Witness the birth of a hero

* Arcadia of My Youth
* AnimEigo
* $19.96 Subtitled VHS (Reviewed)
* $29.97 Subtitled Laserdisc
* First Released 1982

Review by Tasha Robinson

Before the Illumidus occupational forces took over Earth, Captain Harlock was a Solar Federation officer, fighting the enemy invaders in his spaceship The Deathshadow. But once Earth finally lost, he became a spare wheel, a useless throwback. When he's captured while trying to evacuate a group of Terran refugees to a non-occupied planet, Harlock deliberately crash-lands his ship to render it useless, then refuses a position as a collaborator. With his defiant attitude, he has no proper place on a subjugated Earth. Without a ship, he has no way to leave.

Our Pick: C+

He grimly looks for his old love, Maya, but she's constantly on the move. As the Voice of Free Arcadia, broadcasting radio messages of hope and strength, she's barely a step ahead of Illumidus' soldiers. Harlock's luck changes when he meets Tochiro, another grounded and defiant rebel. Oddly, an Illumidus operative captures them both, scans their DNA, points out that they have genetic memories in common stemming from a WWII encounter between their ancestors, and then lets them go.

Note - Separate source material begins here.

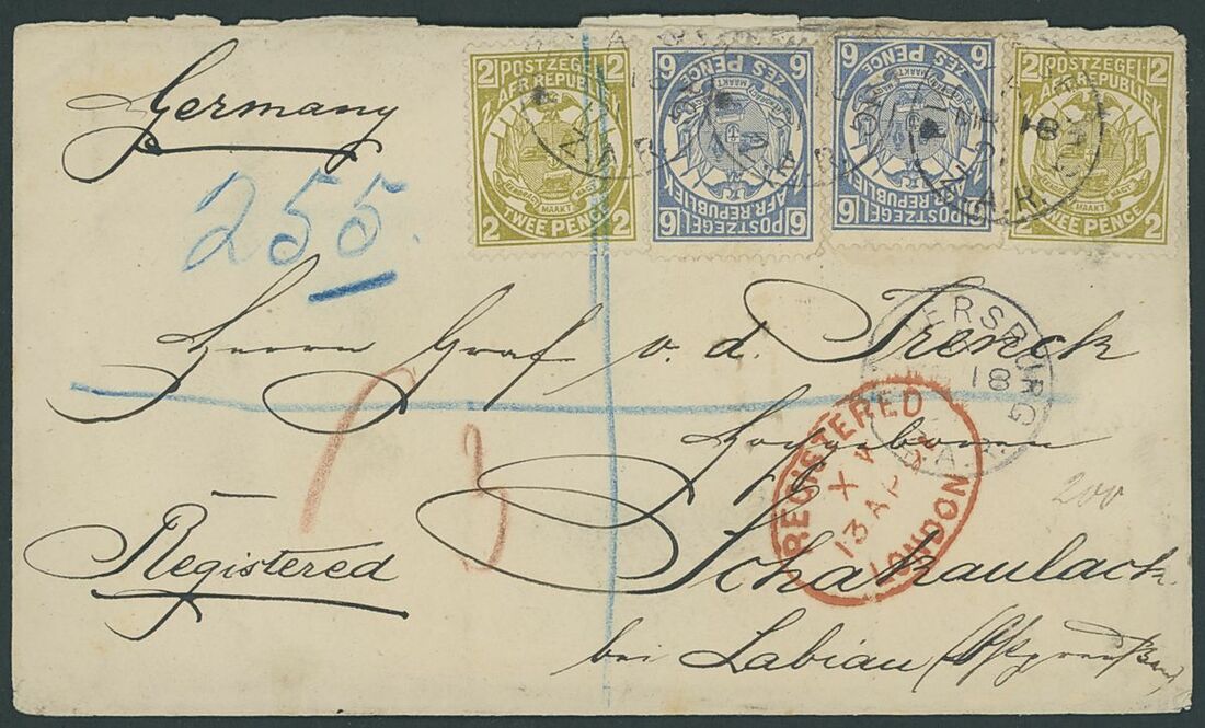 1891 (18 Mar.) double rate envelope registered to Germany, bearing Vurtheim 2d. (2) and 6d. (2) cancelled by Pietersburg c.d.s., showing manuscript registration marking, Registered London oval transit d.s. (13.4) in red with arrival datestamp on reverse. An attractive 1/4d. rate franking

Eventually Illumidus' forces again approach Harlock, proffering a job transporting troops to Tokarga, an Illumidus-occupied planet scheduled for demolition. Harlock furiously refuses. When an old acquaintance, a free space trader named Emeraldas, shows up on Earth to get her ship repaired, Harlock asks if he can "steal" it and escape. A contingent of Tokargan collaborators also claim the ship. They've planned a doomed effort to defend their planet, although they know they'll be caught and executed, and their planet may actually be demolished sooner as a result. Instead, Tochiro suggests a compromise. Emeraldas should keep her ship, the Tokargans should stay on Earth to work against the Illumidus forces from the inside, and Harlock should set out for Tokarga in a ship built by Tochiro himself--the Arcadia. So begins the career of a legendary space pirate...

How Harlock lost an eye

There's a lot to this bleak and highly melodramatic theatrical feature. The episodic story line takes Harlock on and off Earth several times, leading to battles in all kinds of places, from a restaurant to interplanetary space. The tone is so starkly low-key that it's sometimes hard to detect a singular plotline. And to some degree there isn't one. It's just a series of events explaining how Star Blazers creator Leiji Matsumoto's most famous character first lost his eye, gained his ship, developed his philosophy of piracy and honed his dire attitude toward life. Harlock had his own manga, his own TV show, and his own worldwide reputation before this movie, and he crops up often in seemingly unrelated Matsumoto works, not to mention in innumerable parodies. But this is his origin story, the sequence of events that pulls it all together.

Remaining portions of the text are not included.